Recall that there are four modeling objectives: coefficient estimation, prediction, grouping, and ranking.  Hypothesis testing was conceived for decision making largely in the context of coefficient estimation.  As such, it is only an important sideshow to the main show of statistics—the logic of numbers with uncertainty.
Second, why are you using hypothesis testing?
Confidence intervals generally have more utility than hypothesis tests.  We know, sometimes you just want or need a hypothesis test, yet not for prediction.  Also, confidence regions nicely address multidimensional needs.
Third, if you must use hypothesis testing, then try the right one.  Use the new breakthrough from Neyman-Pearson (ca 1932), which addresses (consequential) statistical significance.
Now we have arrived at Statistics Denial Myth #6, the old confusion between the Fisherian school of hypothesis testing and Neyman-Pearson.  Fisher was the first to address the matter of hypothesis testing and he developed a logical approach, which compares unknown parameters to zero.  Neyman-Pearson hypothesis testing famously expands this work by insisting on an alternative hypothesis and adding a term, δ , as a cutoff for (consequential) statistical significance.  This has been called practical significance, economic significance, etc. and now operational significance.  This portmanteau hypothesis test allows coefficients to be compared to any value, δ .
For example, suppose that if a coefficient exceeds some consequential value δ , then retaining it is statistically significant.  The hypotheses might take the following form:

where δ is the cutoff for a consequential difference.  Neyman would say that the alternative hypothesis, δ , should represent the consequential scenario.  (See ‘Encyclopedia of Research Design,’ Vol.
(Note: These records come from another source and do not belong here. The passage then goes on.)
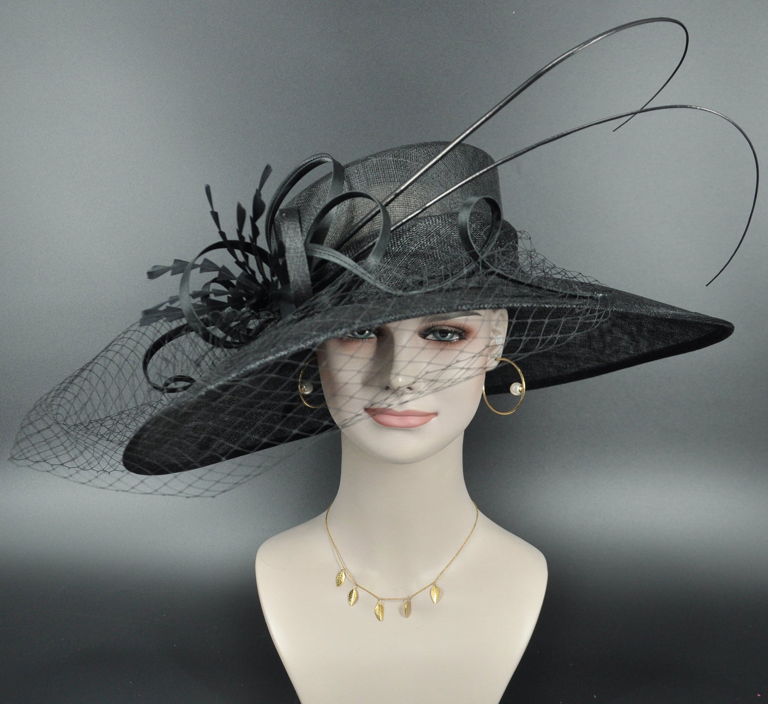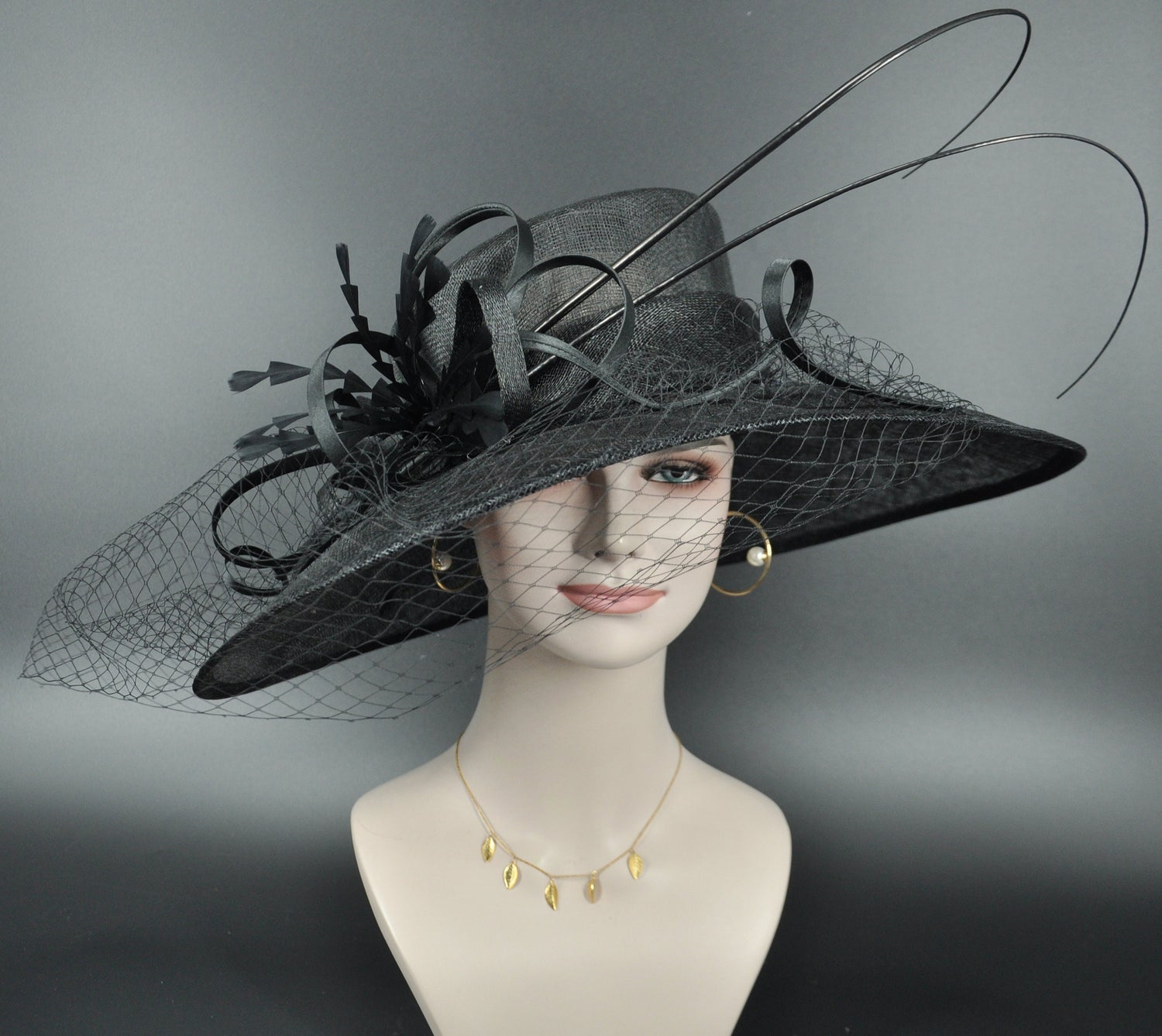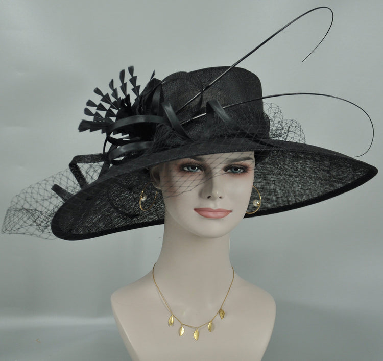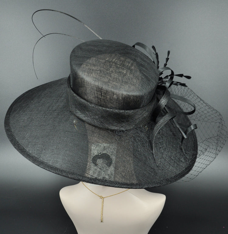 Black Sinamay Wide Brim Derby Hat: Feather Flower Ascot Race Day Hat
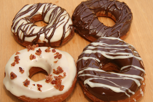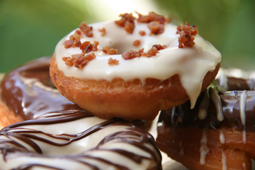 These are almost enough to make me break my donut ban. (I worked at a bakery in high school and let’s just say 15 years later, or so, I still can’t eat most donuts.) I actually think the title and the bacon would make me break my ban. The pictures are just wonderful.
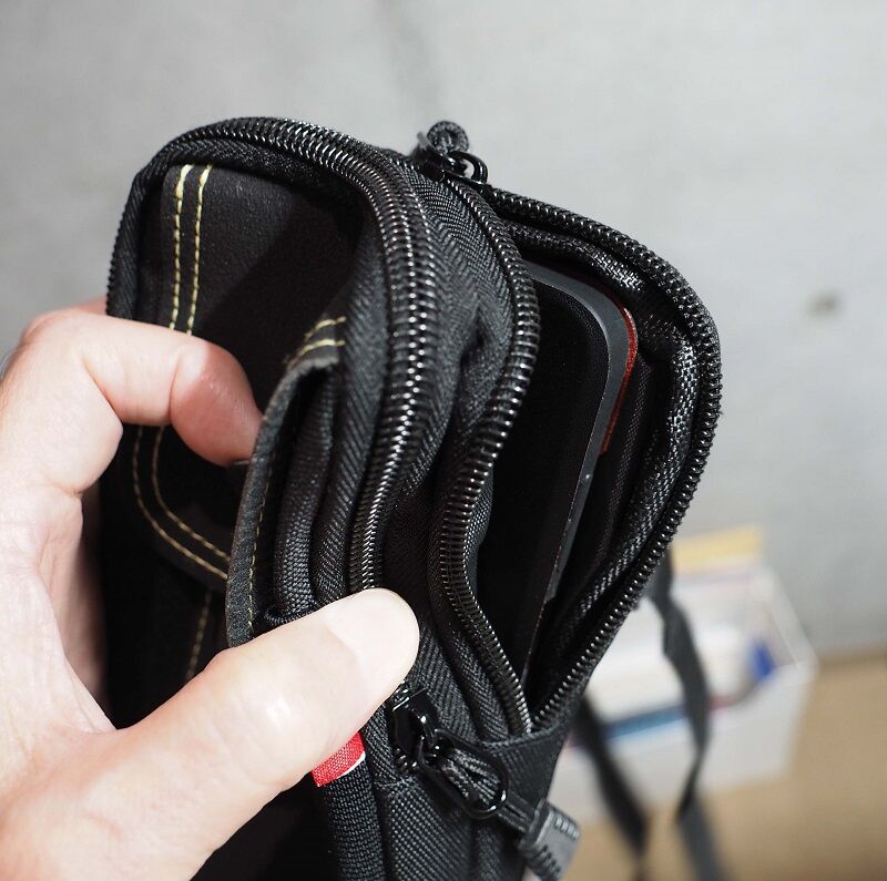 クッションも効いているからスマホは剥き出しで入れることにした。カード類や小銭などはリスク分散の意味からこちらには入れない。空きスペースには撮影メモ、ポケットテッシュ、バンドエイドとオロナイン軟膏なんかを入れておくことになるだろう。
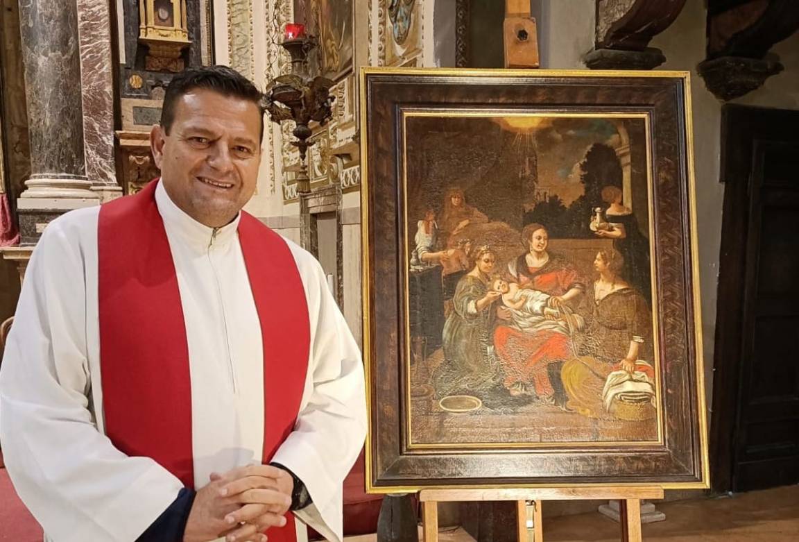 PERUGIA – Arte che si aggiunge all’arte: il dipinto della “Natività della Vergine Maria” attributo a Pietro da Cortona torna restaurato nella chiesa del Gesù, in piazza Matteotti. Cinque mesi di lavoro di restauro finanziati dal Rotary Club Perugia Est con il suo presidente Riccardo Pelliccia ed eseguiti dal maestro Giovanni Manuali, hanno permesso di far tornare a casa l’opera, riaccolta a braccia aperte dal rettore don Mauro Angelini.
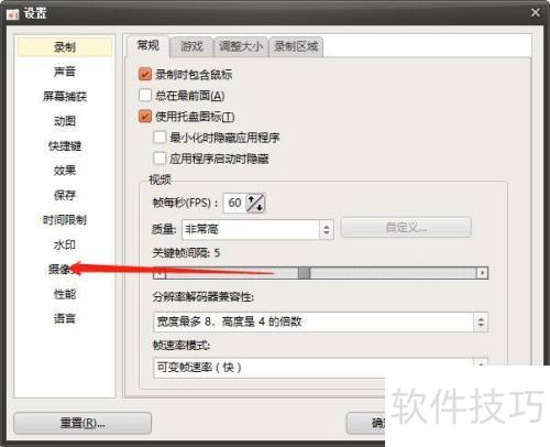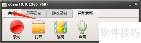 1、 打开电脑中的ocam软件,按照下图所示进行操作。
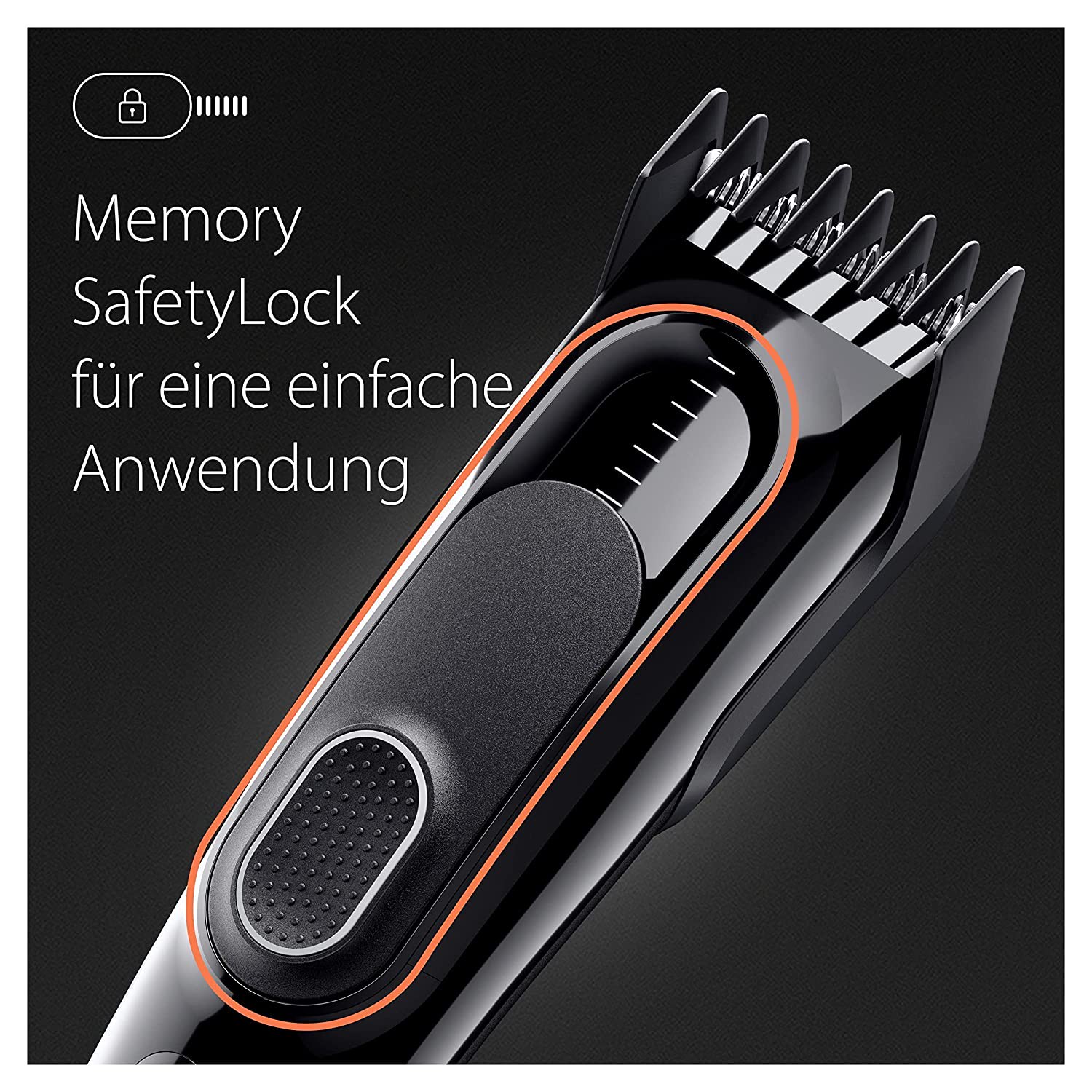 • 9 Längen: Wahlweise mit oder ohne Kammaufsatz. Memory SafetyLock speichert die zuletzt verwendete Einstellung für einfaches Haare trimmen zu Hause
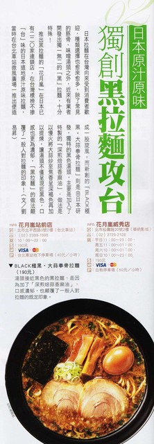 推出黑拉麵的「花月嵐」在日本已有二二○家連鎖店,在台灣標榜不掺「台」味的日本道地原汁原味拉麵,當時在台北車站微風廣場一推出便造成一股旋風。而新創的「BLACK極黑‧大蒜拳骨拉麵」則是由日本研發,獨特的黑色湯頭,主要是加入了特製的「深煎焙蒜香麻油」,做法是以慢火將大蒜炒至焦香呈深褐色再加以提煉,讓湯頭不僅呈現近黑色,口感也更為濃郁,「黑拉麵」的做法顛覆了一般人對拉麵的印象!
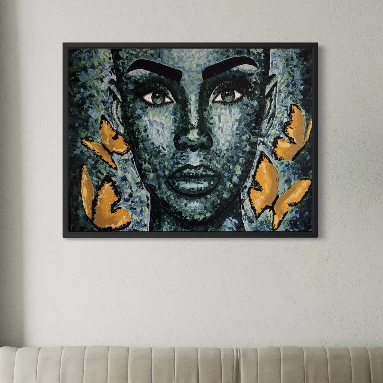 This work is delivered stretched onto frame.
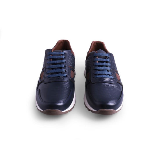 sneaker de piel de venado azul marino / piel exotica cocodrilo cherry mod 20k suela extralight
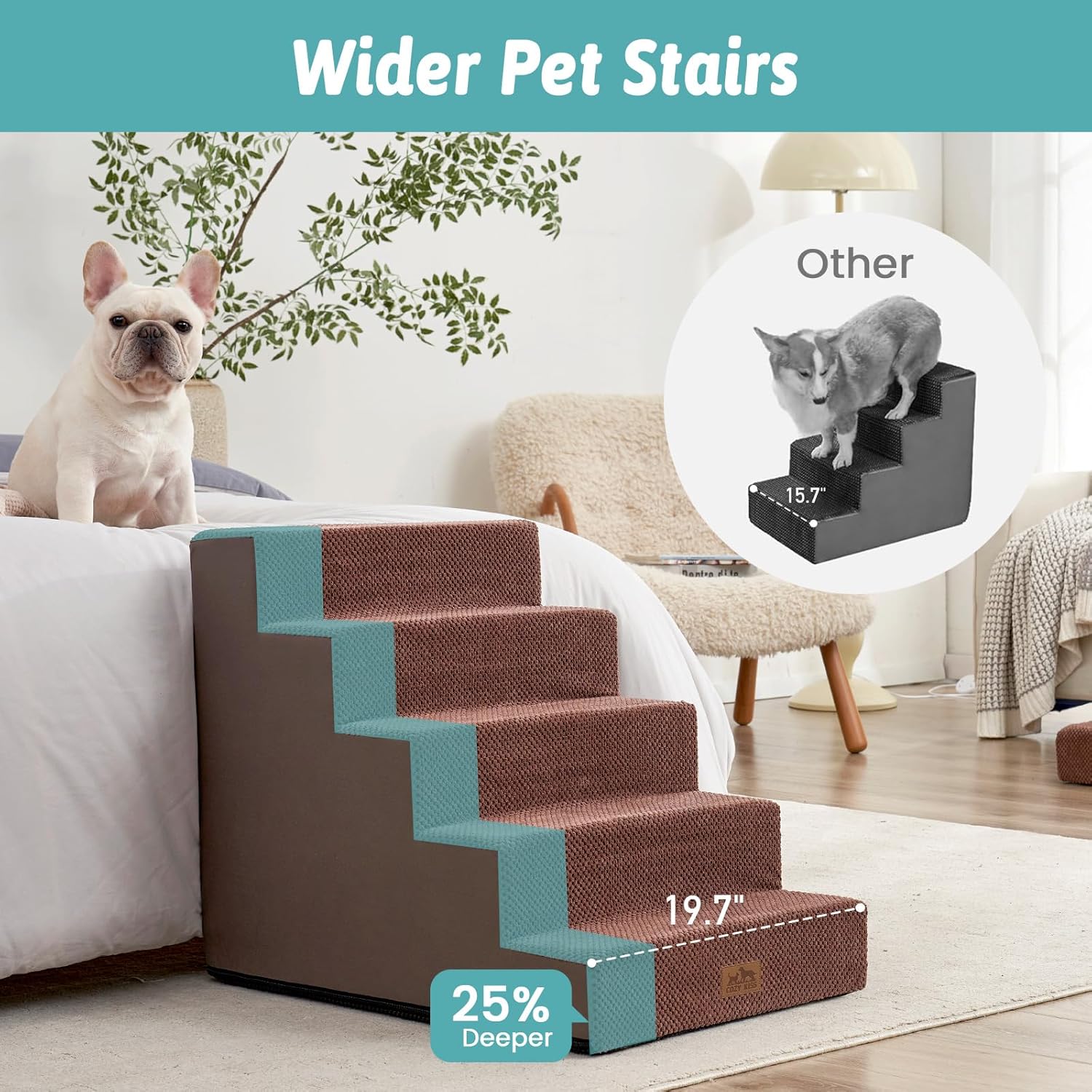- Widened Pet Stairs: The dog steps feature a widened design 4 inches broader than standard dog stairs, offering enhanced stability while accommodating the needs of small and medium dogs, the extra width provides a safer climbing space for pets. With 5 tiers of height, it allows your pet to reach elevated areas easily
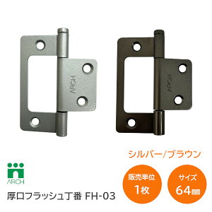 商品詳細 メーカー 株式会社ニシムラ / ARCH 商品名 鉄フラッシュ丁番 品番 FH03-64 サイズ 64mm カラーバリエーション シルバー(S) / ブラウン(BR) 材質 鉄 特長 芯棒抜き差しが可能なルーズピンタイプです...
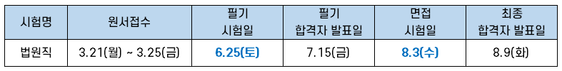 | 법원직 9급 | 6월 25일(토) |
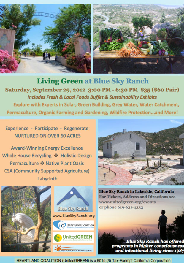 Since 2003, RegenerativeHomes has been providing the latest news and information on green living and sustainable building, eco-friendly materials and alternative energy, healthy environments and healing spaces. Now RegenerativeHomes is happy to announce Living Green at Blue Sky Ranch in Lakeside, California, launching on-going building, art, landscaping, organic gardening and all-natural agricultural projects on 60-acres allowing YOU and/or YOUR BUSINESS to collaborate, educate, promote and learn. This is a non-profit fund-raising event for Heartland Coalition/UnitedGREEN and the Blue Sky Community. Participate now!
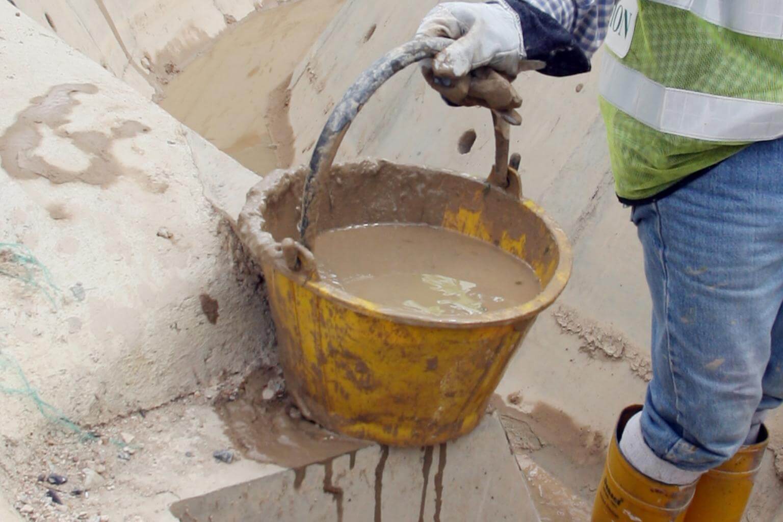 Construction workers clearing a silt dump at a construction site.
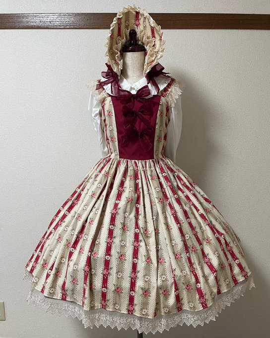 宣伝です♪クラシカル系が好きな方にオススメのジャンパースカートとハーフボンネットのセットです。アンダースカートはワインレッドで後ろバッスルにしてメリハリを✨🥀
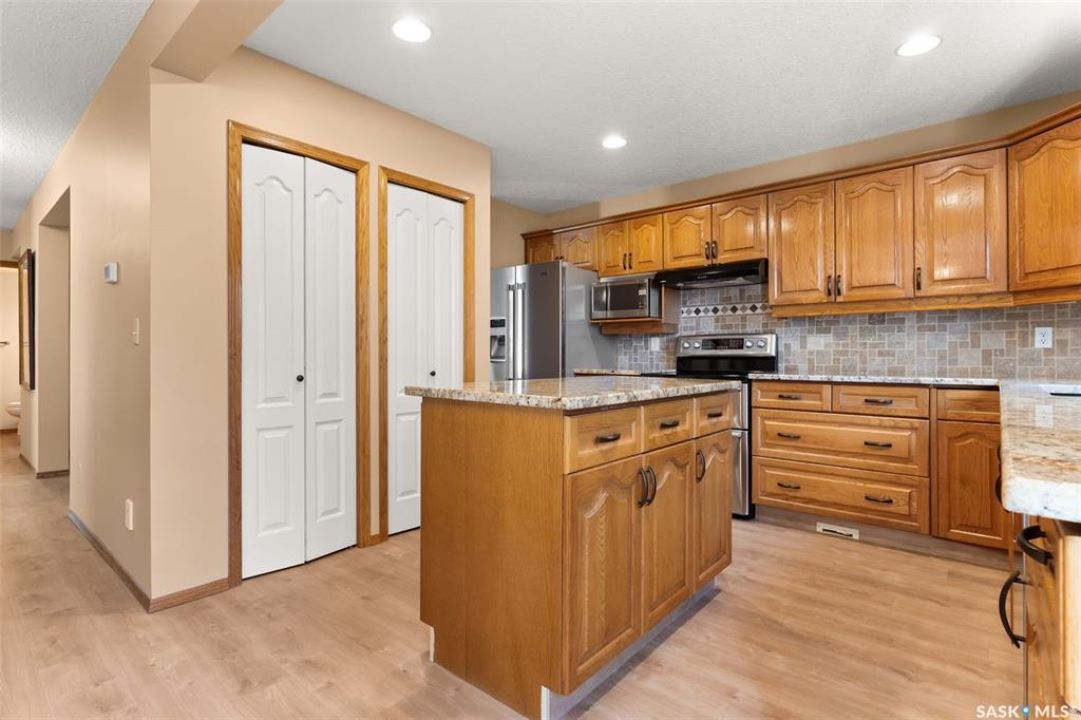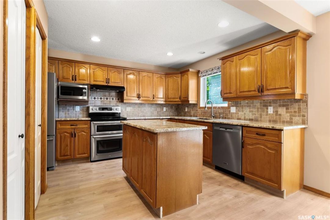 Welcome to 3562 Hazel Grove, a Varsity Homes custom built in 1994 home nestled in the charming east end community of Woodland Grove. This meticulously kept 2300+ sq ft 2 storey is overflowing with space and is ready for it's new family. Ideally situated close to schools, parks and all essential amenities. Upon entry the new flooring flows through the main floor. The front multi purpose room with a huge picture window could be a perfect reading den, play room or office. In the heart of the home we have a stunning oak kitchen with a centre island, stainless steel appliances, granite counters, tiled backsplash and a nice sized pantry. The kitchen is open to the casual family dining area that includes a garden door to the backyard and the cozy family room with a wood burning fireplace. The formal dining room is ideal for entertaining family and guests. The 2-piece powder room and the practical main floor laundry with direct access to the double garage plus a garden door to the outside completes the main floor. The 2nd floor has 4 bedrooms to ensure that every family member has their own space. The primary bedroom is oversized, featuring a spacious walk-in closet and an ensuite. The ensuite includes a sunken tub, a separate shower and a large vanity with ample storage space. The other 3 bedrooms are generously sized, and the family bathroom completes this floor. Down to the basement featuring new carpeting, this space offers a versatile rec room, a 5th bedroom ideal for guests or family, a recently renovated 3-piece bathroom and a large room for storage or could be customized for your needs. The pride and joy of this property is the stunning private yard with a beautiful deck perfect for relaxing or entertaining, a cozy firepit area, beautiful landscaping, is fully fenced for privacy and security and includes a convenient shed for extra storage. Furnace is approx 4-5 years old. This home combines functionality and potential for a growing family in a great location.
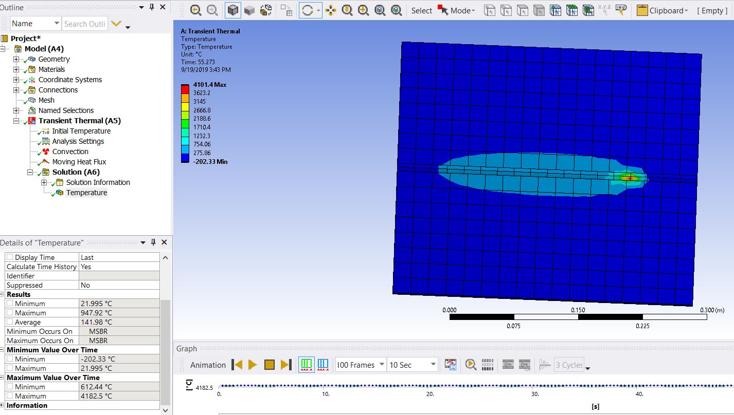 I tried to simulate the butt welding to the plates shown in the picture but after I apply heat flux, the plates cool down rapidly, I have assigned structural steel as the material to the plates with convection of 7 Watt per meter square degree celsius. Also, it shows the negative temperature value in the beginning and temperature does not get distributed over the plate surface. My model has a length of 0.35m.
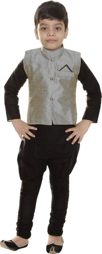 ZEUS' Boys Festive & Party Kurta, Waistcoat and Pyjama Set (Black Pack of 1)
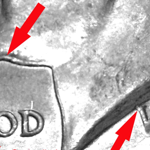 Nice piece; RARE strong obverse double die chin & WE TRUST; $40BV

I, SAGE (2010), p. 298).  Hence, consequential significance is statistical significance.  As always, see a professional for your advanced statistics needs.
Close:
Confusion about hypothesis testing is completely understandable, yet not acceptable for self-professed experts.
While these misunderstandings have an amusing side, they also have an edge.  At the extreme, we have seen hucksters broadcasting mischaracterizations of statistics to better position their lesser qualifications or to blunt legitimate criticism of their blatant mistakes.  One common claim coming from hucksters innocent of statistics is that we do not need statistics anymore because we have access to them.
In Blogs 2 & 3, we discussed the harm caused by promotional hype extreme enough to adulterate statistics and circumvent best practice—our best tools for extracting the information.
We sure could use Deming, right now.  Many of us who embrace the explicit rigorous logic and protocols of these tenets of data analysis hang out in the new LinkedIn group, About Data Analysis.  Come see us.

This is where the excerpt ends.